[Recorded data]
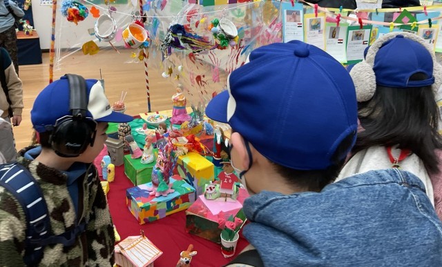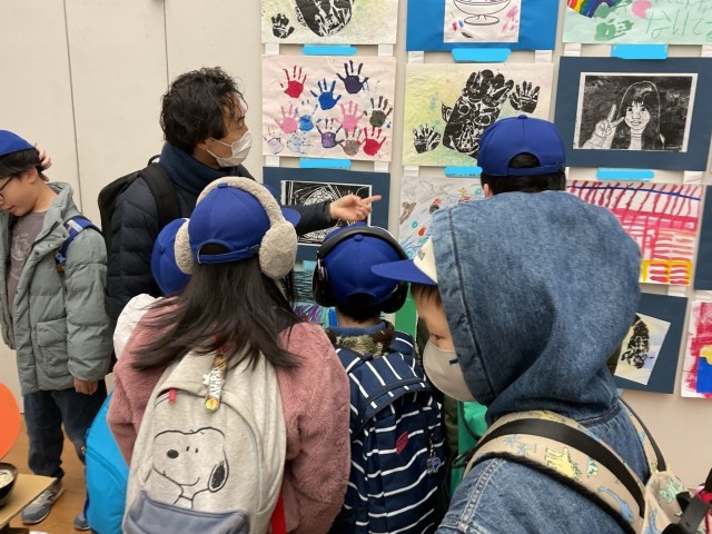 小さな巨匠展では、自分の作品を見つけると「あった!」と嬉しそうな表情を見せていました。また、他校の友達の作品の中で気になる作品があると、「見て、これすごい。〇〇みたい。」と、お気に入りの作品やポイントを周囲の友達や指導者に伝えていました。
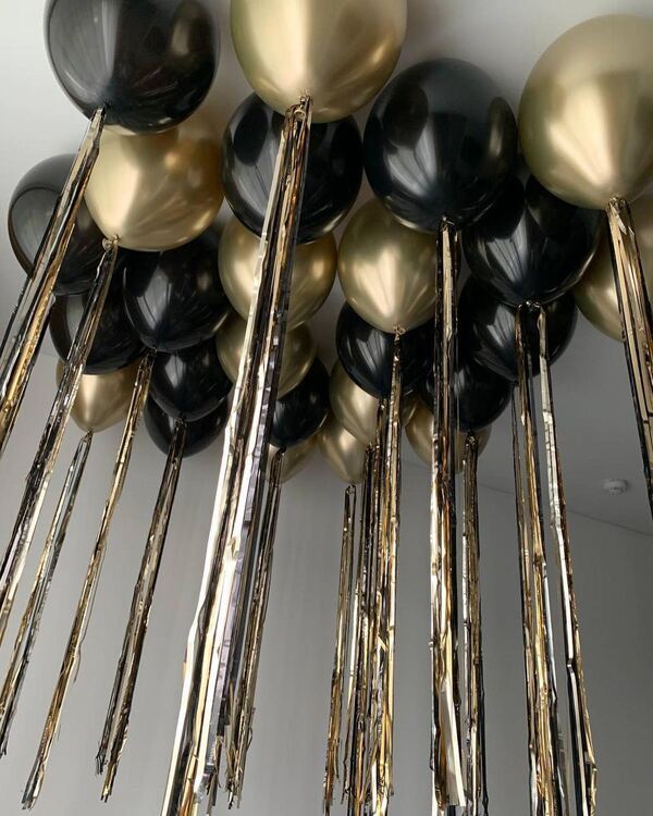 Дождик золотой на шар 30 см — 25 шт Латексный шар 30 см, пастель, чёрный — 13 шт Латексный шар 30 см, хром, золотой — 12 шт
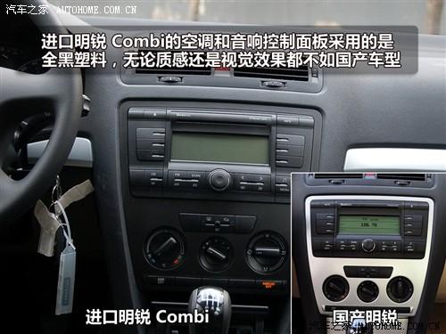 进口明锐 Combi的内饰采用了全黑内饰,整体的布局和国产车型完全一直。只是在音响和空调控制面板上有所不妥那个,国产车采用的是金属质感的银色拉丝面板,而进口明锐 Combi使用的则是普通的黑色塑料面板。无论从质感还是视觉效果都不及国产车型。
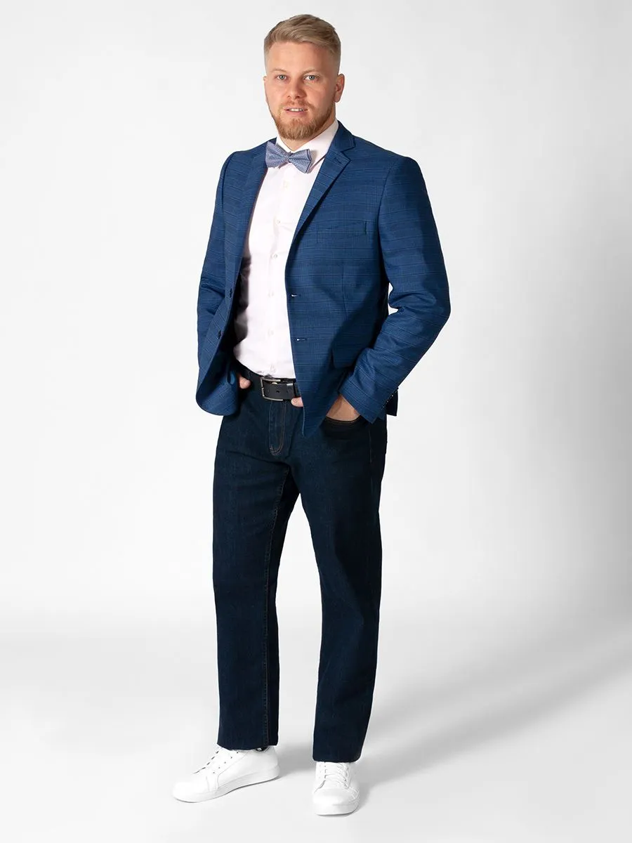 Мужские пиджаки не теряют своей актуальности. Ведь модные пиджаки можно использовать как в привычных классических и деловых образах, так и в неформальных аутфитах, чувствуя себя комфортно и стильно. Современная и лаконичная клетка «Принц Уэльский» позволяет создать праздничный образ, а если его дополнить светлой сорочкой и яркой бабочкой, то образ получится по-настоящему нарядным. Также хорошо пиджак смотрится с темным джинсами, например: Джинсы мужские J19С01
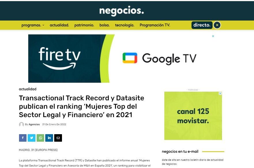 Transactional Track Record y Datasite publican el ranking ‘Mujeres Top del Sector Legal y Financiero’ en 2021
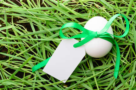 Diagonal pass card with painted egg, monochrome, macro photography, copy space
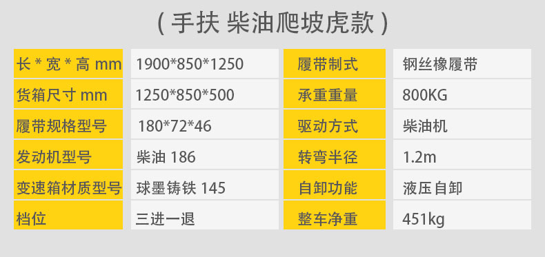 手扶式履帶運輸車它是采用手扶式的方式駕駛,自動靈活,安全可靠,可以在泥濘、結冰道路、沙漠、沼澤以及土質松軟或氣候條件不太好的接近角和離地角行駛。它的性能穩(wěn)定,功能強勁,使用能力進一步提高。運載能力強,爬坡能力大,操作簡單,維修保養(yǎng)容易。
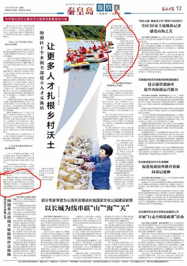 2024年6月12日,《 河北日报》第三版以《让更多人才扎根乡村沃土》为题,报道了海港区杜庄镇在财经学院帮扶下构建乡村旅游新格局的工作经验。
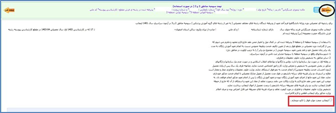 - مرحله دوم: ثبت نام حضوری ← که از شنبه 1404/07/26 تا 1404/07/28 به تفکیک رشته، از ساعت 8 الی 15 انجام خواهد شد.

* * *

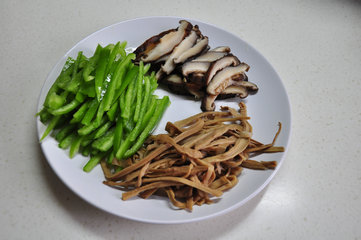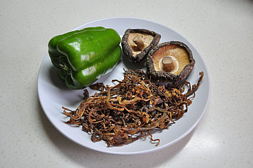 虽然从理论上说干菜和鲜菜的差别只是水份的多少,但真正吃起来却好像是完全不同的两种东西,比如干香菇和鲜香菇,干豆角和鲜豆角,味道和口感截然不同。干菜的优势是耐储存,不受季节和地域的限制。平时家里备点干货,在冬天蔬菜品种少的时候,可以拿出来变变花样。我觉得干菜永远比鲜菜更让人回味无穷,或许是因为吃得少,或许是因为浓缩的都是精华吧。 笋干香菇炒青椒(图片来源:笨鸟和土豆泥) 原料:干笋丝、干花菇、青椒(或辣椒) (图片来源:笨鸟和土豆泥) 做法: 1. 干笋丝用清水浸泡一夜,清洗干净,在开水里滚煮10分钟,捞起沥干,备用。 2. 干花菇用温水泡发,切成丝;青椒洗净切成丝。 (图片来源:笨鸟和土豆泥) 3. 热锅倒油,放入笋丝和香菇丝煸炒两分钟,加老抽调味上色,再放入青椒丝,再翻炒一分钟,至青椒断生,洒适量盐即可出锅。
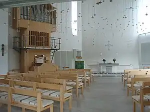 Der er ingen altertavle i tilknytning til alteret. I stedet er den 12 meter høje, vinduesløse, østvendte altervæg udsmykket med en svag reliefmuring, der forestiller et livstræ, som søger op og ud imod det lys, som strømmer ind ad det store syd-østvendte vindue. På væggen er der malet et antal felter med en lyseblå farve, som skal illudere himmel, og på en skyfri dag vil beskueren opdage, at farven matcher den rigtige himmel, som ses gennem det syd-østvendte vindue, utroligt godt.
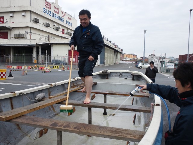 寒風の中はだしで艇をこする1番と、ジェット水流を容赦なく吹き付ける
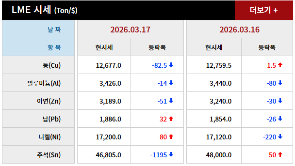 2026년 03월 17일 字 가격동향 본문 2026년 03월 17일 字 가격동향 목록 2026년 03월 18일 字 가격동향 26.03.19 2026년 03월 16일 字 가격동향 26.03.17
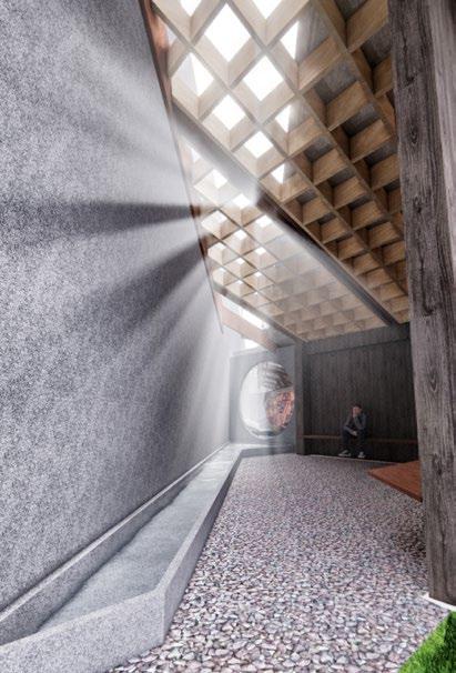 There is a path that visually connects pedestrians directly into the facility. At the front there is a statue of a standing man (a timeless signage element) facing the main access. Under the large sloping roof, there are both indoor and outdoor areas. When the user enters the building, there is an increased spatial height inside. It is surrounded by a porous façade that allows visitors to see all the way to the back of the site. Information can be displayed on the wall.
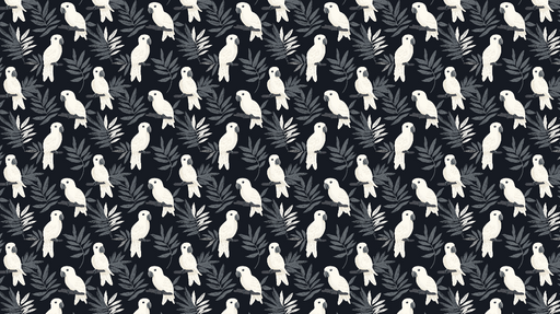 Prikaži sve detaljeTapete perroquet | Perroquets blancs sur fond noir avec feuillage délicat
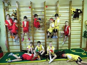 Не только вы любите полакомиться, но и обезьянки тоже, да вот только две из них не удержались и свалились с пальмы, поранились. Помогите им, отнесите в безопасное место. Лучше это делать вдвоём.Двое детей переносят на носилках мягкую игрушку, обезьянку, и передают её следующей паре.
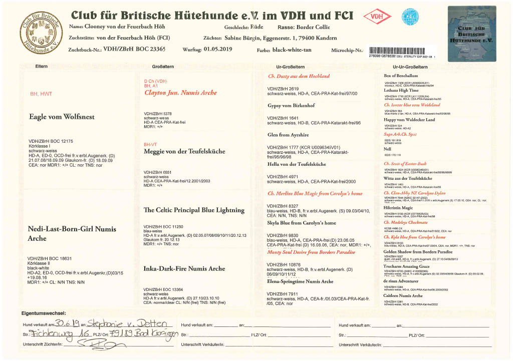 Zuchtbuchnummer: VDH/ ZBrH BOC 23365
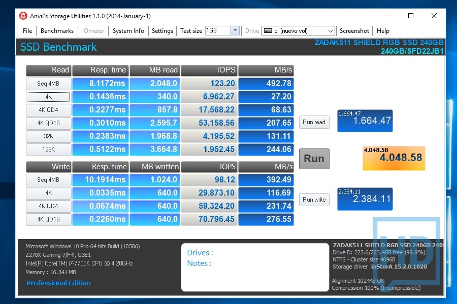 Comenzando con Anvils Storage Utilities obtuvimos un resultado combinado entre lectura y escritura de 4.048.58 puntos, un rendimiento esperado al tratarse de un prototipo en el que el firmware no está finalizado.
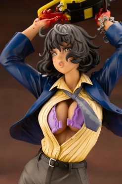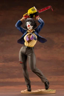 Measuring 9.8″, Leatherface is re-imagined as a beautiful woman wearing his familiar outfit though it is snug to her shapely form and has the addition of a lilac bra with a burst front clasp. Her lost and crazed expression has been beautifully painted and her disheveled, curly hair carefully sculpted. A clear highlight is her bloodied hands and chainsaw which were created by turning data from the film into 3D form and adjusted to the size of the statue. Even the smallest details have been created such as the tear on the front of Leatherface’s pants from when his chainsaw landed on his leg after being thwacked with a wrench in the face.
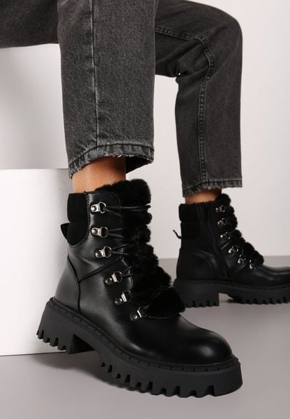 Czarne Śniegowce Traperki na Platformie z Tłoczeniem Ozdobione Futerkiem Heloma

TASK DIRECTIONS: Copy back exactly the lines above from the one containing "小さな巨匠展では、自分の作品" through the one containing "Transactional Track Record", and leave every picture behind.

EXPECTED ANSWER:
 小さな巨匠展では、自分の作品を見つけると「あった!」と嬉しそうな表情を見せていました。また、他校の友達の作品の中で気になる作品があると、「見て、これすごい。〇〇みたい。」と、お気に入りの作品やポイントを周囲の友達や指導者に伝えていました。
 Дождик золотой на шар 30 см — 25 шт Латексный шар 30 см, пастель, чёрный — 13 шт Латексный шар 30 см, хром, золотой — 12 шт
 进口明锐 Combi的内饰采用了全黑内饰,整体的布局和国产车型完全一直。只是在音响和空调控制面板上有所不妥那个,国产车采用的是金属质感的银色拉丝面板,而进口明锐 Combi使用的则是普通的黑色塑料面板。无论从质感还是视觉效果都不及国产车型。
 Мужские пиджаки не теряют своей актуальности. Ведь модные пиджаки можно использовать как в привычных классических и деловых образах, так и в неформальных аутфитах, чувствуя себя комфортно и стильно. Современная и лаконичная клетка «Принц Уэльский» позволяет создать праздничный образ, а если его дополнить светлой сорочкой и яркой бабочкой, то образ получится по-настоящему нарядным. Также хорошо пиджак смотрится с темным джинсами, например: Джинсы мужские J19С01
 Transactional Track Record y Datasite publican el ranking ‘Mujeres Top del Sector Legal y Financiero’ en 2021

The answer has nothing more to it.